When I was a kid, they couldn't show a bra on a human body on TV. Bras were advertised on a plastic form, or, if on a model, she was wearing a black leotard underneath it.
(I am not making this up.)
"Bewitched," shown in the 1960s, was the first TV program to show a married couple in a double bed. Think about it. Lucy and Desi had twin beds. So did Rob and Laura on "The Dick Van Dyke Show."
When those uptight standards started to fall by the wayside, I cheered, along with everyone else of my generation. We had no idea how far it would go.
I have always cringed at ads for personal products. ED products, feminine hygiene products, prescriptions to control herpes...how low can they go?
I've seen two ads tonight that made me turn off the TV. One for some little sex toy for women, and another for something to cure feminine odor and itch that occur after "intimacy."

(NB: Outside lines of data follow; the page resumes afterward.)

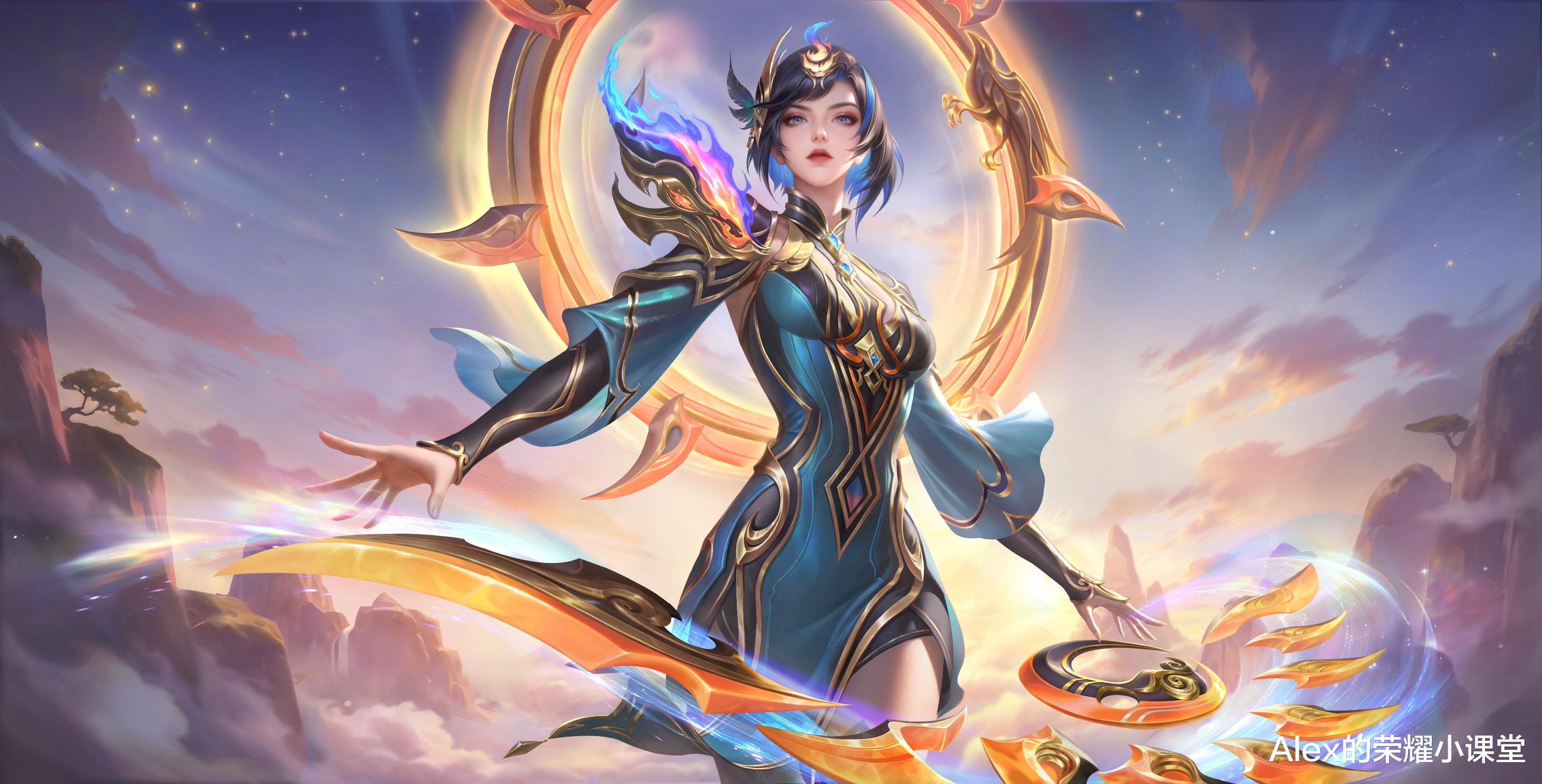 特效配色上以蓝青色为主,在原皮肤的基础上,融入了太阳图腾、太阳符文和湛蓝星辉流光元素。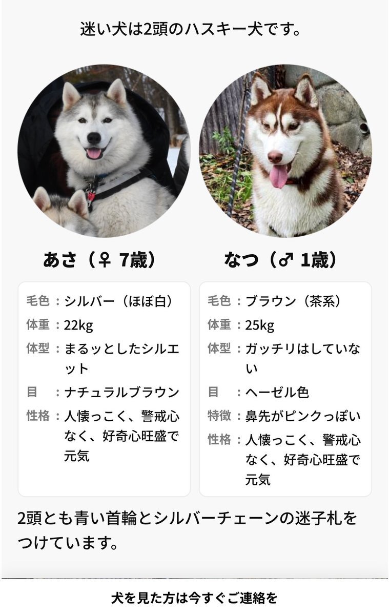 栃木県で迷子になってしまったハスキー2頭。 何か情報ありましたらよろしくお願いします。 asa-natsu.studio.site #栃木県 #迷子犬 #ハスキー #迷い犬 pic.x.com/pfRwEGmmn8
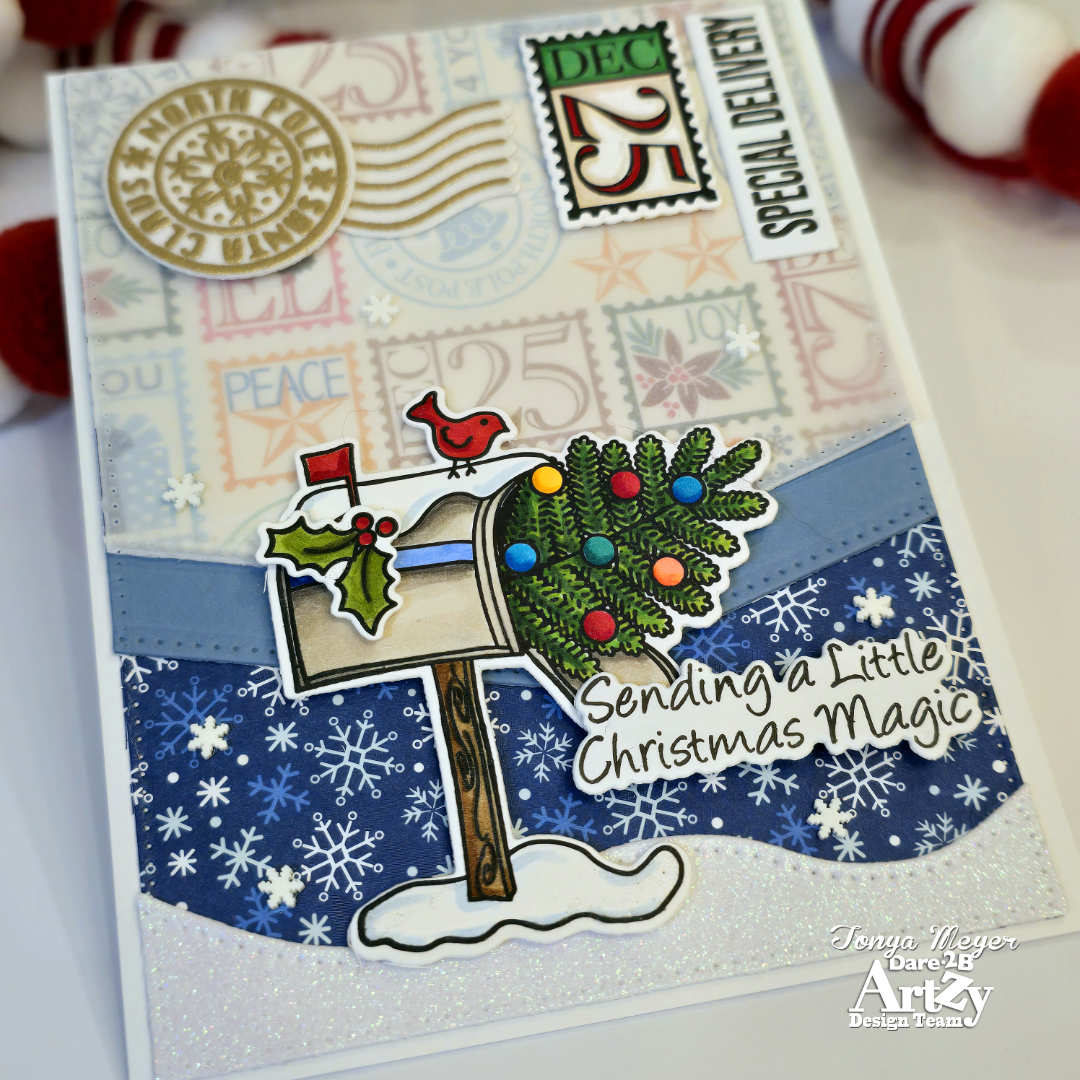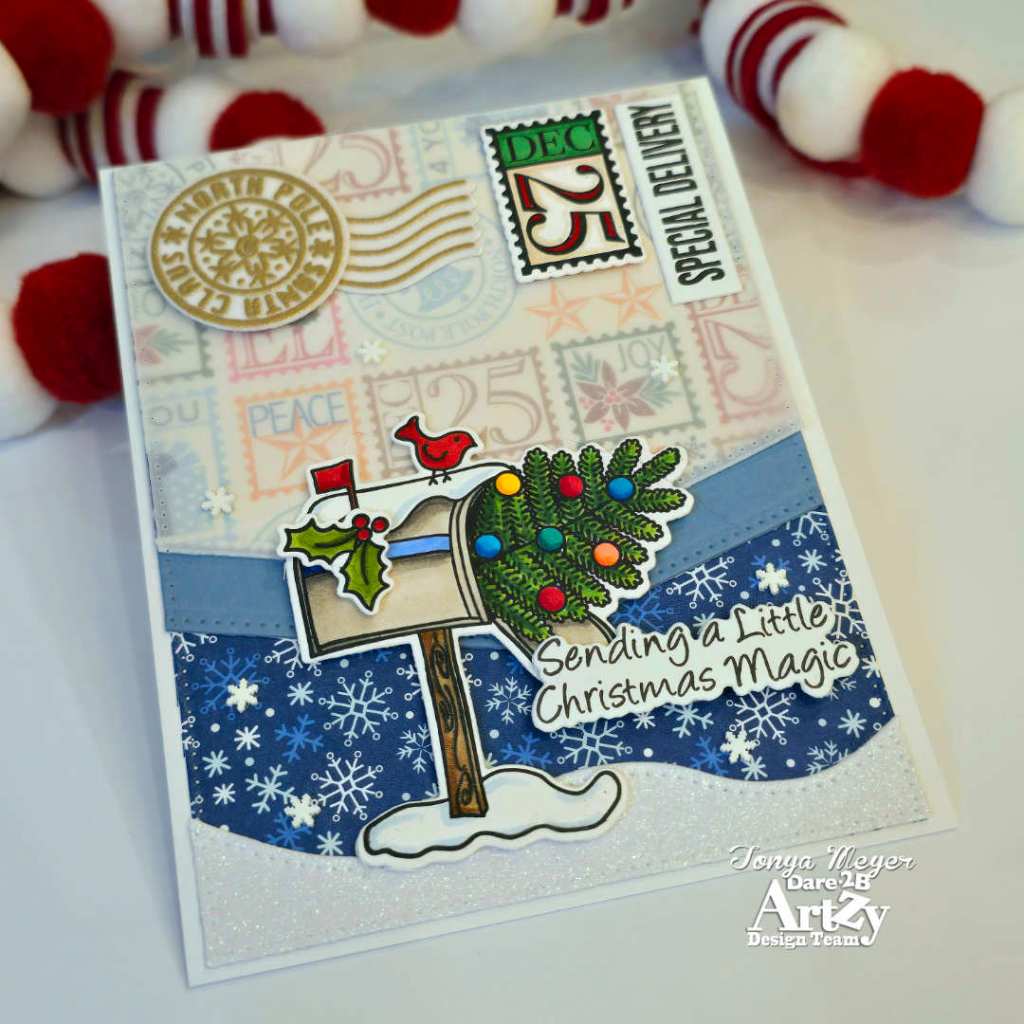 The sentiment “Sending a Little Christmas Magic” and “Dec 25 Stamp” were popped up with foam tape along with the mailbox.

Right before I turned off the TV, I told the smiling model, "Honey, if you're itchy and smelly after 'intimacy,' you better take yourself down to the free clinic and get some antibiotics!"
...And the little sex toy! They even showed that!
Now, I'm a firm believer that what one does in the privacy of one's own home (or anywhere away from me, for that matter), is just fine. As my friend Melissa used to say, "In the Grand Scheme of Things, what does it really matter who sticks what into whom?"
But don't expect me to watch this stuff on TV!